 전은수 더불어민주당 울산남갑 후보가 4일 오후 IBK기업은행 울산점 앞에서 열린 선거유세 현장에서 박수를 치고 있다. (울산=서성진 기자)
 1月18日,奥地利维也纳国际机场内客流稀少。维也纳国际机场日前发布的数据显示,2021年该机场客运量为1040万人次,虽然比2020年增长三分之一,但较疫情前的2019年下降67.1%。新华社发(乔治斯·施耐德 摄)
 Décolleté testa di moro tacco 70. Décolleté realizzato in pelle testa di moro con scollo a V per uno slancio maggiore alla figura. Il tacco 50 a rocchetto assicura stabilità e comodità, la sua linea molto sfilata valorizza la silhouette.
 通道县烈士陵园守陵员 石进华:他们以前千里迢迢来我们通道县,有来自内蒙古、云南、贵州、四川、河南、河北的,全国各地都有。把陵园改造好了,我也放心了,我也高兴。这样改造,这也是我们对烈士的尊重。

+--

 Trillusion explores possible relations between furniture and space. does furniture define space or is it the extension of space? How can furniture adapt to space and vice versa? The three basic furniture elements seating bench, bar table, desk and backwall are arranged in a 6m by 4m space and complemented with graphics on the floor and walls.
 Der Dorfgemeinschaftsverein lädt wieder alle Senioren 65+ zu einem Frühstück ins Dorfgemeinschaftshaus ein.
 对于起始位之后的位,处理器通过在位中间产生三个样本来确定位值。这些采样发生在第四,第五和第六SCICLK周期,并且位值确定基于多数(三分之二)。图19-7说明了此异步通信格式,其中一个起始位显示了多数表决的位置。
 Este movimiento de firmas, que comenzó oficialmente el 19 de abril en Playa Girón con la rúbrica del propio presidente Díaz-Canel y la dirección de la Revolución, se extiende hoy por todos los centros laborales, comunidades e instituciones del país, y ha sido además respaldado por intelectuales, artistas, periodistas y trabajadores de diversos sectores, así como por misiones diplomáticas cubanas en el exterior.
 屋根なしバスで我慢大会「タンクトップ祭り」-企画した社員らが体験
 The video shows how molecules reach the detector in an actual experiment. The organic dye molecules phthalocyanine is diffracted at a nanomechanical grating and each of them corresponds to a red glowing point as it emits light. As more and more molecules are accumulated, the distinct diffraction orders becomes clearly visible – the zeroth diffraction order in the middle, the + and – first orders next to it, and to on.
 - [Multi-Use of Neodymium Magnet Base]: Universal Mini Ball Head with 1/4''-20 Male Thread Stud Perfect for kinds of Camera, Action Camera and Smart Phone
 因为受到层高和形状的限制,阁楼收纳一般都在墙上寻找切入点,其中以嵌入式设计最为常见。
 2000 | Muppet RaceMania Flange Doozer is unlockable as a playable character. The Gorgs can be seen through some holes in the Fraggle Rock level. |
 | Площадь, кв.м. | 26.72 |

+--

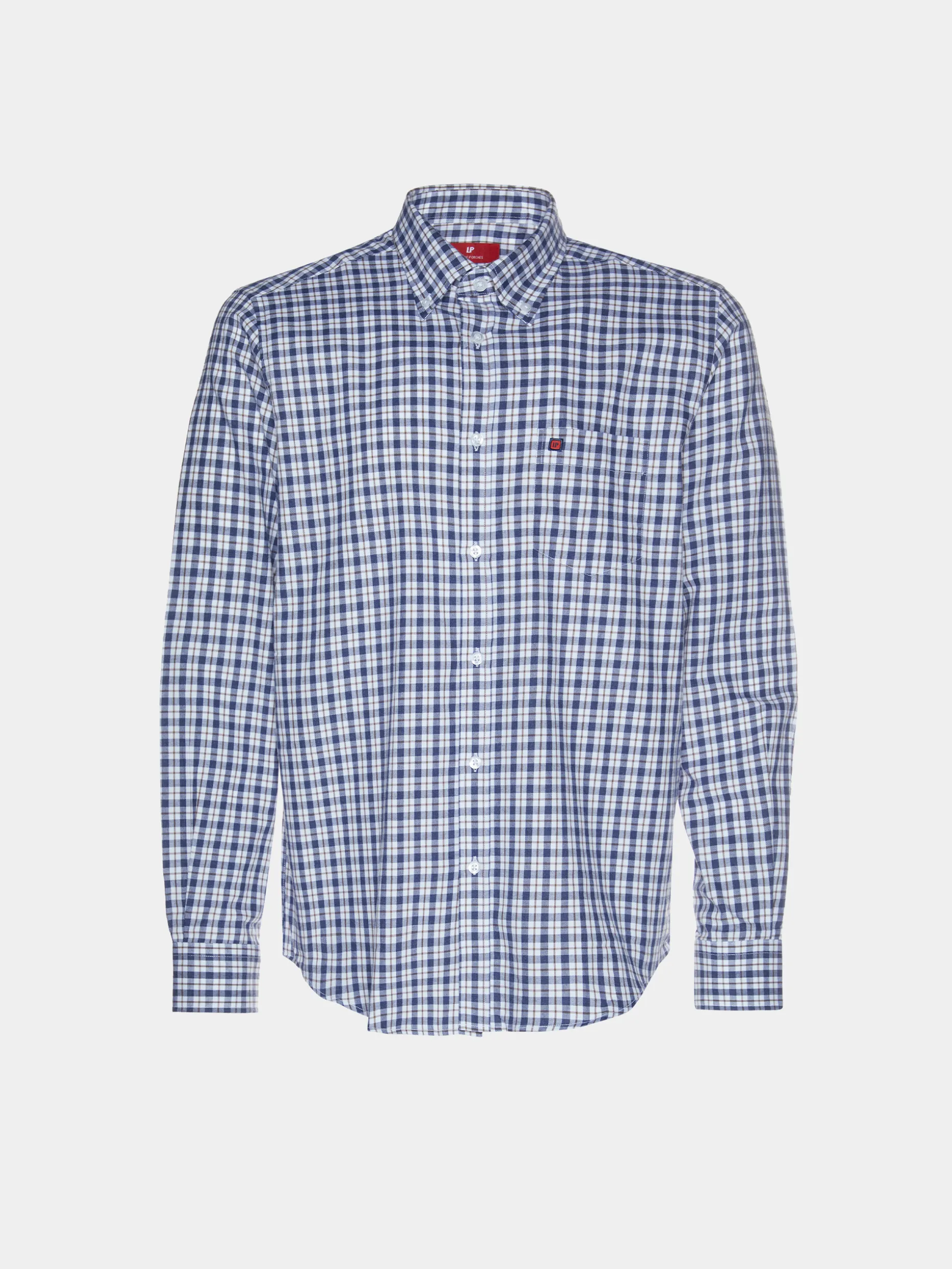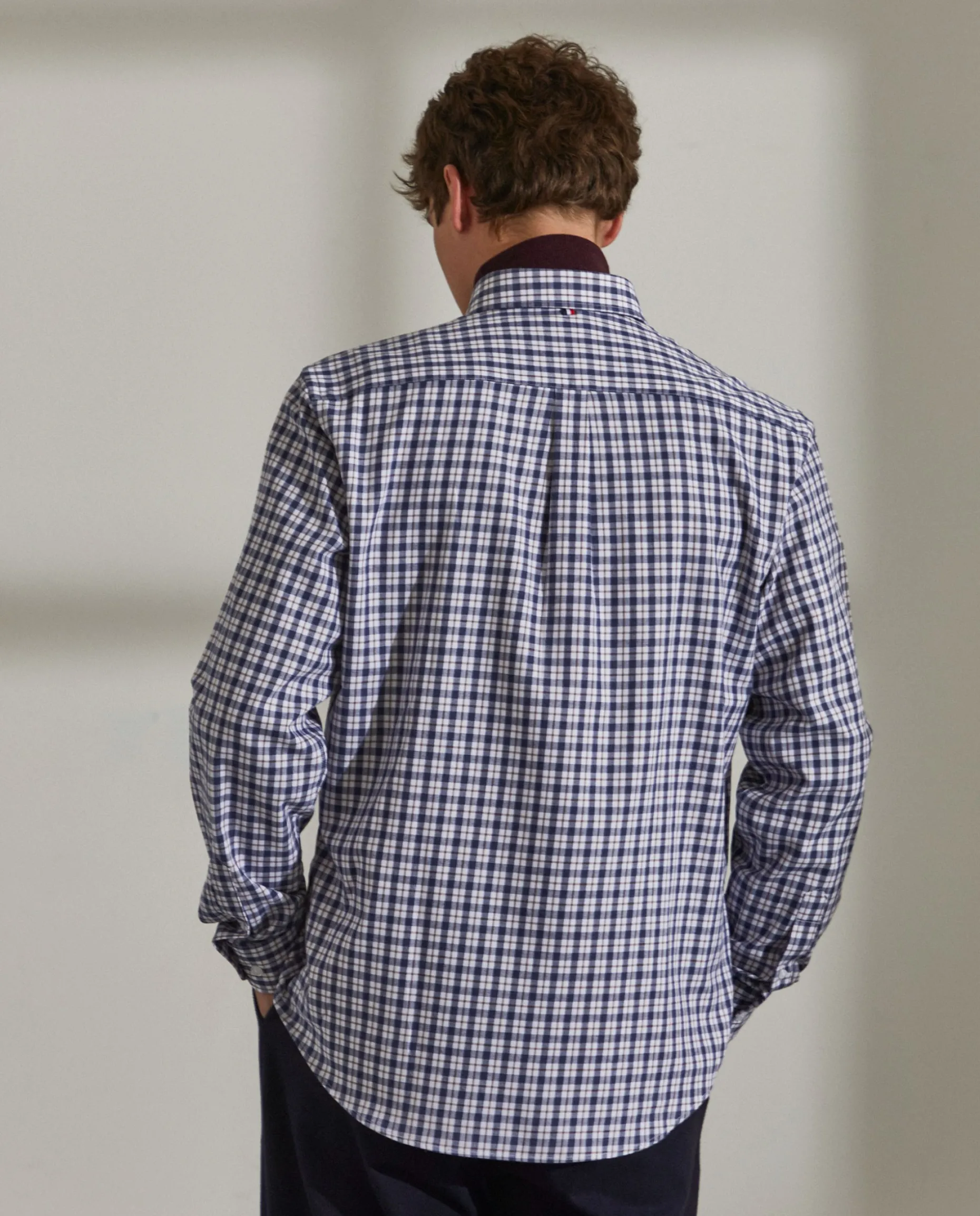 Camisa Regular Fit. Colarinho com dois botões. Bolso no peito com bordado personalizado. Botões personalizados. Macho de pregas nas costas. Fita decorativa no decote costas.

+--

Exercise prompt:
Taking the records above as input, show every line in which the word "with" is present.

Exercise response:
 Trillusion explores possible relations between furniture and space. does furniture define space or is it the extension of space? How can furniture adapt to space and vice versa? The three basic furniture elements seating bench, bar table, desk and backwall are arranged in a 6m by 4m space and complemented with graphics on the floor and walls.
 - [Multi-Use of Neodymium Magnet Base]: Universal Mini Ball Head with 1/4''-20 Male Thread Stud Perfect for kinds of Camera, Action Camera and Smart Phone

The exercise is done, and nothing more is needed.